I started web development with PHP4. Relatively static pages and always that awful reload upon data change.
I fiddled with Angular and Grails shiver…
Even Google App Engine and Django.
There are so many paradigms and frameworks you could go mental.

I’m a huge fan of having a huge toolbox and know your tools pretty decent over choosing to always use a screwdriver. Even when hammering in nails. It’s possible, but so much harder.
With Javascript and the 14 package managers, 42 front-end frameworks, 13 backend communcation tools, 5 data flow libraries, 143758275 template engines and 143 backend systems all trying to talk together it’s a clusterpuck… The fatigue is real.
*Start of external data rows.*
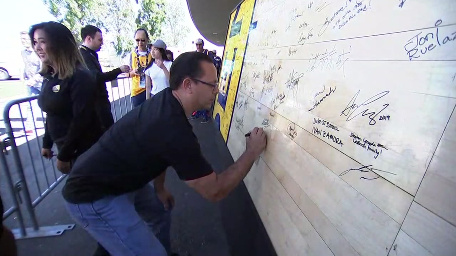 There was something special for fans Friday night-- a piece of the court to sign. The team is hoping they'll get around 20,000 signatures to commemorate the Warriors time here at Oracle.
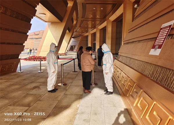中國文字博物館續(xù)建工程開館以來,特保大隊負責館里的安保工作。隨著2022年11月23日疫情防控形勢日益嚴峻,防疫工作更要做到位,期間隊員們都自告奮勇,義無反顧地沖在防疫一線,為參觀的游客筑起防疫的銅墻鐵壁。
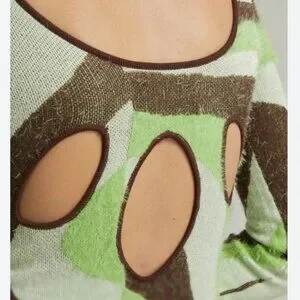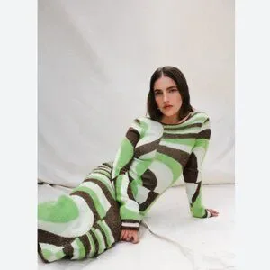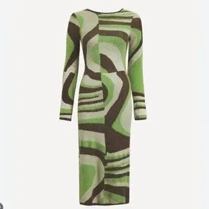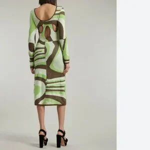 House of Sunny’s signature ’70s groove-inflected style. A long-sleeved twist on the iconic Hockney Dress, the Land Cruise Hockney has a round neckline, form-fitting, slip-like silhouette and midi length. Its knitted from a vegan yarn - a HOS classic. The fabric is distinguished by a green and chocolate toned wavy print that alternates between a smooth and fluffy touch, much like jacquard. Captivating oval cut-outs at the back add a touch of drama.
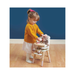 Perfectly sized for dolls and soft toys approximately 30–35 cm tall, this plastic-free high chair is made from durable, sustainably sourced rubberwood and finished with water-based, non-toxic paints. Delicate spindled legs, floral cut-out detailing, a tray table, and a footrest add a refined touch while supporting realistic, story-led play—perfect for feeding time and make-believe routines.
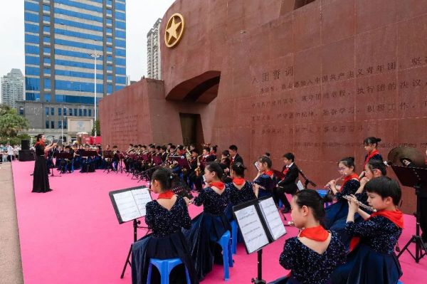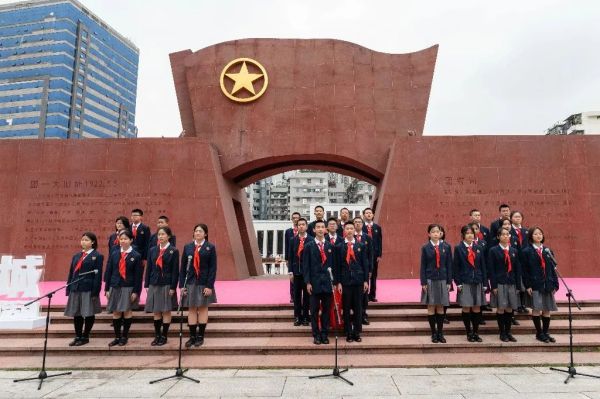 3月11日下午,由团市委、市少工委主办,越秀区少工委承办的“英雄花开英雄城·2023广州传承弘扬红色文化系列活动”——首场广州市红领巾红棉微剧场活动在团一大广场举行。伴随着嘹亮的鼓号声,展演在庄严的少先队仪式中拉开帷幕。来自周边6所中小学队员组成的东园文化广场大队为现场市民群众献上了管乐表演、舞蹈、红色微舞台剧、演说、互动朗诵等10个亮点纷呈的节目,以生动的宣讲形式展现了少先队员们用心学党史,讲好红色故事,传承红色基因,赞颂英雄城市的昂扬风貌,吸引了广大市民群众的驻足观赏。据团一大纪念馆方反馈,本次广州市红领巾红棉微剧场活动,是自“英雄花开英雄城”——团一大纪念馆系列活动开展以来,参与数规模最多、节目内容最为丰富的一场活动。

Being a web developer able to get any web developing job now requires more knowledge than a real-time systems developer needs…
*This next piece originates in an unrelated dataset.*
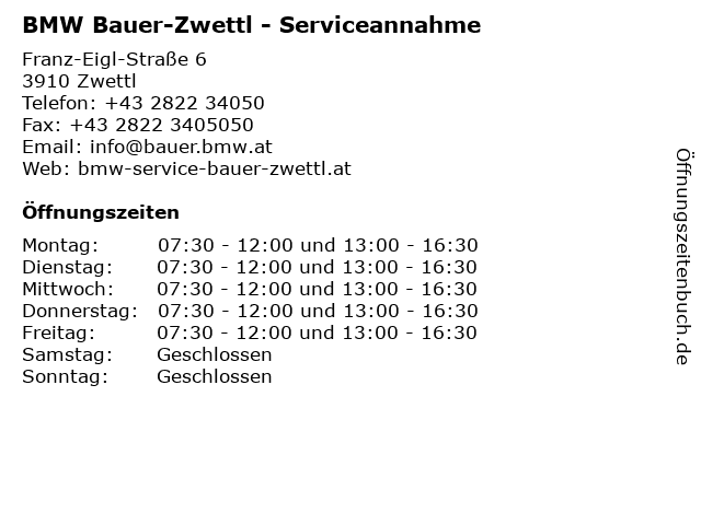 2 BMW Bauer-Zwettl - Teile & Zubehör und Werkstatt (Entfernung: 0,00 km) Franz-Eigl-Straße 6, 3910 Zwettl 6 |
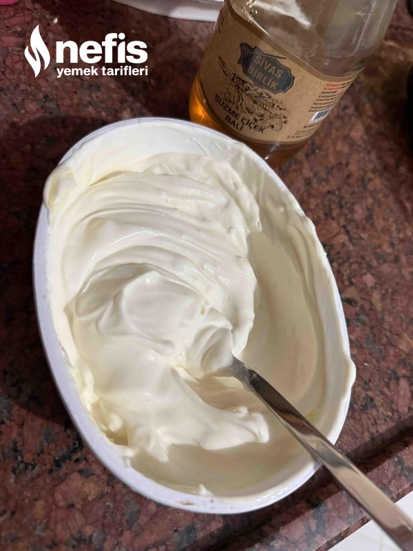 4. Bal ile labneyi karıştıralım. Krema üzere bir hal alacak.

Now as I said, I’m all pro-choice but this is starting to become quite ridiculous :stuck_out_tongue:
I tried Blaze. Cool but ended up with some spaghetti whenever I needed something more fancy than autoform. autoFlush and rendered will be the death of me…
React seems pretty sweet. More control. Originally opposed to putting design in logic, but it’s better than logic in design…
Never liked Angular. Too much ng- everywhere.

Meteor finally shaves the whole backend and backend communcation bit off. More time for reactive frontend. Thank you! But with 1.3 we have an issue coming up. Noone will use react-packages on atmosphere now that we have npm-modules. Why would we? They would override each other and double-load react-runtime.
So now we end up with using 2 package managers for one project by just using react.
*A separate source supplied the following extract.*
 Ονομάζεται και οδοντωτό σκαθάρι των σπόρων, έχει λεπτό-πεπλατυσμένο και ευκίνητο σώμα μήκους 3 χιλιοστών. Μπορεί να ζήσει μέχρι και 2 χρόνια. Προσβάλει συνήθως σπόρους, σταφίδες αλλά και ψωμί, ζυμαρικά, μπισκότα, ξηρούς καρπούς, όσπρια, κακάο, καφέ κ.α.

One of the things I really like about Meteor is the exceptionally simple package manager.
Now I gotta start thinking like I’m using C/C++ and #include to ensure I get access to the code I need. Sure, it gives me load order control and less global namespace clutter.

Besides ReactiveVar/Dict, minimongo/DDP and Meteor methods. What’s left of Meteor when using React?
I feel MDG is slowly outsourcing pieces of Meteor until we’re finally left with nothing but a boilerplate and “best practices” :stuck_out_tongue:

Consider the intro for newbies with react in 1.3. It seems to be quite an ordeal compared to 1.1 and Blaze!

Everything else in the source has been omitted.